SF Gate     

 

CAMPAIGN 2006: Napa County land measure
Property rights activists want county to pay
Officials, environmentalists fight proposal they say could jeopardize land-use rules


By Patrick Hoge, Chronicle Staff Writer
Thursday, May 18, 2006


Click to View

Property rights activists in Napa County say their June ballot initiative seems reasonable: If the county approves new laws or regulations that lower a property's value, the county should pay the owner's losses.

But many of the county's political leaders, in addition to environmentalists, are working to kill the Napa Valley Land Stewards Alliance's Measure A, particularly after polling early in the year showed that voters might approve it.

Critics say that while the measure may sound reasonable at first, it would wreak havoc on local land-use planning and produce a tidal wave of hugely expensive litigation that could drain funds from other county programs.

"Measure A would have horrendous financial consequences,'' said county Supervisor Mark Luce, who is leading the campaign against the measure. He says it would not allow the county to update existing rules and would provide an incentive for filing claims over restrictions now on the books even though it would not be retroactive.

Siding with Luce are such potent organizations as the Napa Valley Vinters Association and the Napa County Farm Bureau, as well as various police unions, business chambers and environmental groups like the Sierra Club and Greenbelt Alliance.

But Mike Rodrigues, vice president of the Land Stewards Alliance, which is backed by the Napa County Republican Party, says the initiative's opponents are engaging in scare tactics.

"Measure A is very mild. Our opponents are making it sound like the end of the world,'' said Rodrigues, a political consultant.

Rodrigues said he got the idea for the measure after leading a successful 2004 referendum campaign that nullified a county ordinance restricting development near streams. The ordinance's definition of watercourses needing protection was so expansive that it would have rendered his own 16-acre property largely unusable, he said.

Measure A would not require compensation to property owners affected by past approvals of county planning rules, Rodrigues said -- unlike Measure 37, a controversial statewide initiative that Oregon voters approved in 2004.

Some critics of the Napa measure had compared it to the Oregon measure but have since dropped most of that rhetoric.
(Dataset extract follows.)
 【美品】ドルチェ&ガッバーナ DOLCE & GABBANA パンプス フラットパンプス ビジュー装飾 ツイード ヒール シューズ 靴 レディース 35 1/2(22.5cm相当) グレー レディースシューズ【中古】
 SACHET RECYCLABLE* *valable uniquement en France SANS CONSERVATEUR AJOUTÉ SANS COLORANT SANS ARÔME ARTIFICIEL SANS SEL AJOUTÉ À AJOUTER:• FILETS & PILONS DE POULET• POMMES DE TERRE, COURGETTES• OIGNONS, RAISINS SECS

Measure 37 took land-use experts nationwide by surprise, as Oregon had long pursued aggressive policies designed to preserve open space and limit urban sprawl.
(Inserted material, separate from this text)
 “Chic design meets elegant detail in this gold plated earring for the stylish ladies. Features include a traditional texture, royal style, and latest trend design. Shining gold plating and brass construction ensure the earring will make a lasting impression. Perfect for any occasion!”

"Oregon has been a leader in land-use planning for many, many years,'' said Terry Rivasplata, a planner at Jones & Stokes in Sacramento, an environmental consulting firm that is following the Napa County debate over Measure A.
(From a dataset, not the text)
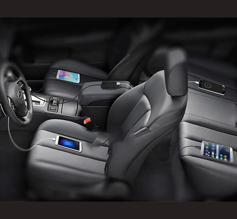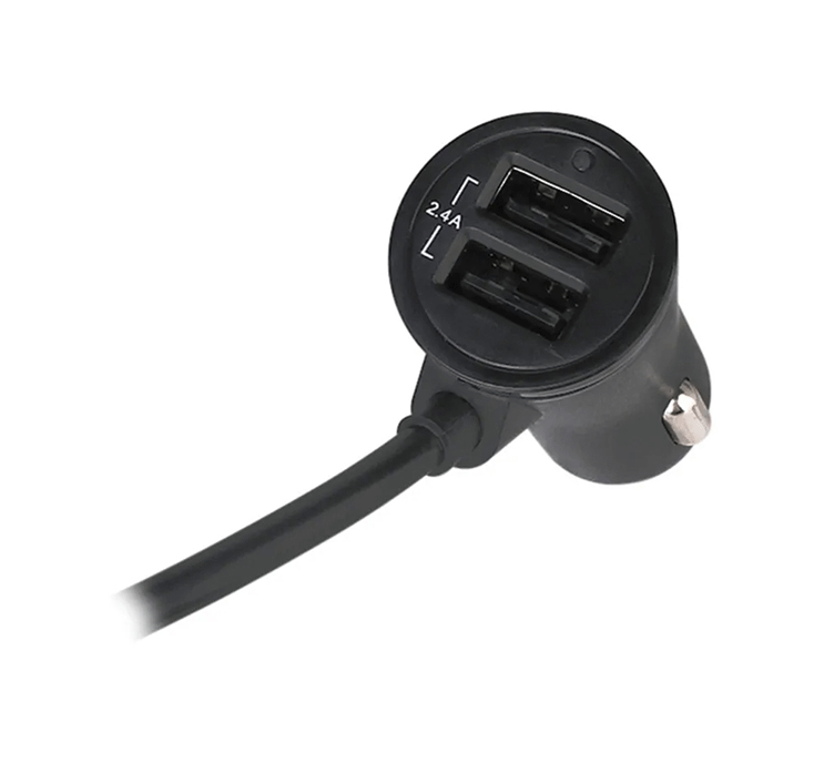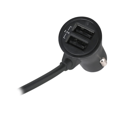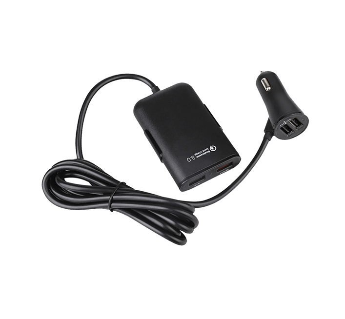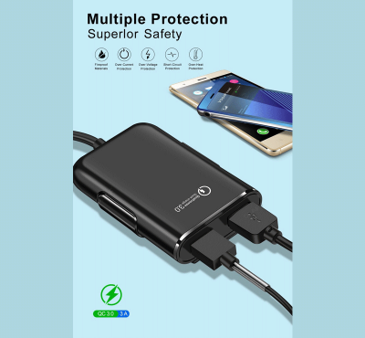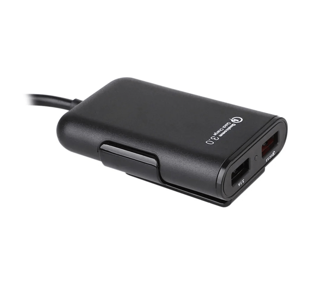4-Port fast USB car charger with extension cable. Clip for hanging.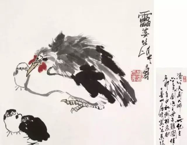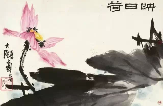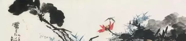 潘天壽的指畫也可謂別具一格,成就極為突出。這類作品,數量大,氣魄大,如指墨花卉《晴霞》、《朱荷》、《新放》等,畫的均為“映日荷花”,以潑墨指染,以掌抹作荷葉,以指尖勾線,生動之氣韻,非筆力所能達。潘天壽作畫時,每畫一筆,都要精心推敲,一絲不苟。他在“有常必有變”的思想指導下,取諸家之長,成自家之體,他的畫材為平凡題材,但經他入手的畫,卻能產生出不平凡的藝術感染力。如他的《小龍湫一角》特別是把畫麵主體小龍湫壓到邊角的構圖,含蓄地讓觀者先看靈岩的磅礴山勢,爛漫的山花然後再去欣賞那支龍湫水,這種方法,正與那些使畫麵“一覽無餘”形成對照,不僅顯示了畫家出奇製勝的構圖才能,也表述了畫家對平凡事物的內在感情。

Rodrigues acknowledges being inspired by the Oregon initiative, which has spawned other similar property rights measures around the country, but says he thinks its retroactivity was bad policy.

"None of us are looking to build a shopping mall,'' said Rodrigues. "We're not a bunch of right-wing nuts with bulldozers idling ready to rape the valley.''

Measure A would allow supervisors to avoid paying for the economic impact of a new ordinance or regulation simply by getting voters to approve them or by exempting specific property owners, he said.

"(County supervisors are) just going to have to really think carefully'' before limiting land uses, Rodrigues said. "If it's important to them, they can refer to voters.''

Luce was on Rodrigues' side on the stream-setback issue, and in 2004 the Land Stewards Alliance gave Luce its Community Leader of Integrity Award.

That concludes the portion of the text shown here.